One target was Dr Fred A Kummerow, 100, a professor (now emeritus) at the University of Illinois who looked at the effects of trans fats on pigs. Wiedermann says he and Applewhite “chased (Kummerow) at three or four different conventions. And our objective was to sit in the audience, and when he stopped talking, to raise a lot of question.” Kummerow admits that his early work deserves criticism, but the in tensity of the attacks “went beyond the sort of standard, respectfully exchange you’d expect among scientists.” It was enough to scare any tenure seeking scientists away from the subject.

Contention
Enig, in her own needling, relentless way at conferences and through publications, provoked special ire from Applewhite. Knocking around her office, she would pull out another study. “After I submitted it (to the Journal of the American Collage of Nutrition in 1990)”she recalls, “Tom Applewhite called up the editor of the journal and tried to convince her not to publish my work.”

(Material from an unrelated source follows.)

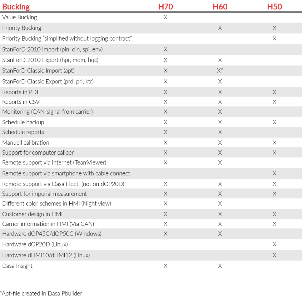 Dasa H50 is a robust and easy-touse bucking software for measuring and controlling the production process. Just set the priority of length and diameter and the Dasa H50 will make sure you get the desired bucking result.

“This was highly unusual, “says Dr Mildred Seelig, who was the publication’s editor at the time, and in fact she can’t recall another instance when she was similarly pressured.”I told him it was peer reviewed, and Mary Enig’s work had passed muster.”
For his part, Applewhite said he only asked to see the article before publication. Although he passed on in 2012, he was palpably bitter on the topic of Enig who died September last year. “I’ve written a lot on this subject, and I have very strong feelings. Mary Enig’s research – no, just forget it. Don’t waste your time with it I pointed out that she was wrong and that really made her angry.” Applewhite never agreed with Enig’s findings, and always referred to Willett’s work as “just a bunch of nonsense.”